Jordan Harrison (born 1977) is a playwright. He grew up on Bainbridge Island, Washington. His play Marjorie Prime was a finalist for the 2015 Pulitzer Prize for Drama.

Biography
Harrison received a B.A. from Stanford University in 1999 and an M.F.A. from Brown University, where he studied with Paula Vogel.  He lives in Brooklyn, New York.

Shortly after graduating from Brown, his play Kid-Simple, which he wrote while in grad school, was produced at the Actors Theatre of Louisville in 2004. The Actors Theatre of Louisville subsequently premiered his plays Act a Lady (2006) and Maple and Vine, both of which were directed by Anne Kauffman, and The Grown-Up, which was directed by Ken Rus Schmoll. Act a Lady, after being developed at the PlayPenn New Play Conference in 2005, was subsequently produced in several venues including the New Conservatory Theatre Center, San Francisco in April 2009.

The Museum Play had workshops at Brown University (2003), readings at Playwrights Horizons (2003) and Signature Theatre Company (2005) and a production at Red Eye Theatre, Minneapolis (2004). Finn in the Underworld premiered at Berkeley Repertory Theatre, California, in 2005, directed by Les Waters.

His Off-Broadway plays include Doris to Darlene (2007) and Maple and Vine at Playwrights Horizons (2011), Amazons and their Men (2008) by Clubbed Thumb at the Ohio Theatre and Futura (2010) at National Asian American Theater Company.

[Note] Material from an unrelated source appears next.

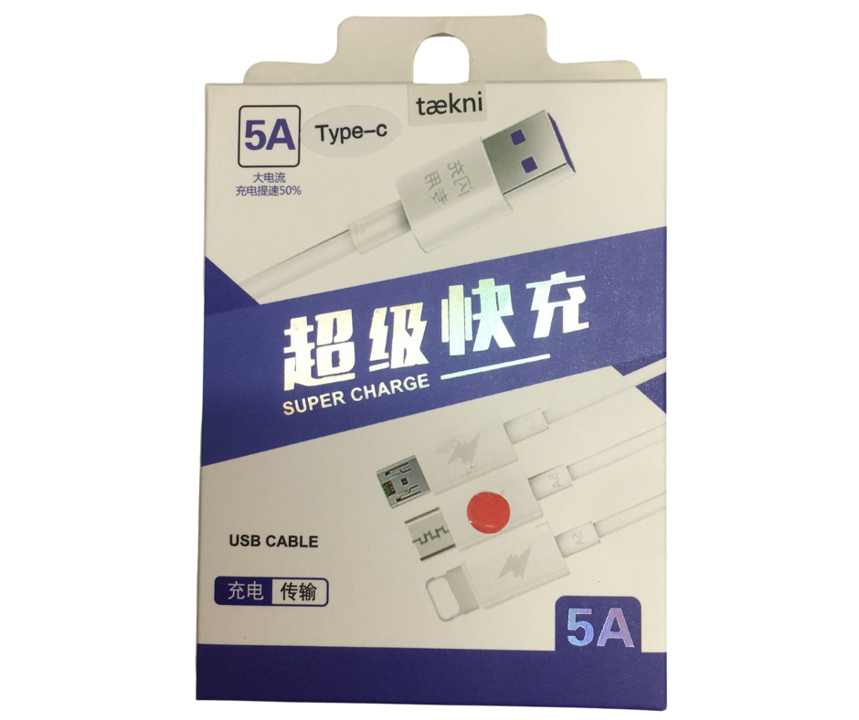 1x Cable Carga Súper Rápida 5A USB-Tipo C Blanco 1 metro.

He wrote the book for a children's musical, The Flea and the Professor, with music composed by Richard Gray and lyrics by Harrison and Gray. The musical was commissioned by the Virginia and Harvey Kimmel Arts Education Fund of the Philadelphia Foundation and received an award from the National Endowment for the Arts. It was performed by the Arden Theatre Company, Philadelphia, Pennsylvania in May to June 2011, directed by Anne Kauffman. Suprema is a musical, with music and lyrics by Daniel Zaitchik and book and lyrics by Harrison. The musical had a reading at Ars Nova in May 2012, directed by Leigh Silverman. The musical was developed at the Eugene O'Neill Theater Center's 2011 Music Theatre Conference.

The Amateurs premiered Off-Broadway at the Vineyard Theatre on February 8, 2018 in previews and closed on March 29, 2018. Directed by Oliver Butler the play featured Kyle Beltran, Quincy Tyler Bernstine, Michael Cyril Creighton, Greg Keller, Jennifer Kim and Thomas Jay Ryan. The play was nominated for the 2018 Off Broadway Alliance Award, Best New Play and the 2018 Lucille Lortel Award, Outstanding Lead Actress in a Play (Bernstine).

His play Log Cabin premiered Off-Broadway at Playwrights Horizons on June 1, 2018 in previews, officially on June 25. The play involves a tight-knit group of gays and lesbians and is directed by Pam MacKinnon with Jesse Tyler Ferguson starring.

Harrison writes for the Netflix original series Orange Is the New Black.

Marjorie Prime 
His play Marjorie Prime premiered at the Center Theatre Group Mark Taper Forum in Los Angeles, California in September 2014, under the direction of Les Waters. The play featured Lois Smith as "Marjorie", Lisa Emery as "Tess", her daughter, Frank Wood as "Jon", Tess' husband, and Jeff Ward as "Walter", a computer-programmed, pixel-generated companion. The play had a reading at the South Coast Repertory's 
2013 Pacific Playwrights Festival on April 28, 2013, directed by Pam MacKinnon.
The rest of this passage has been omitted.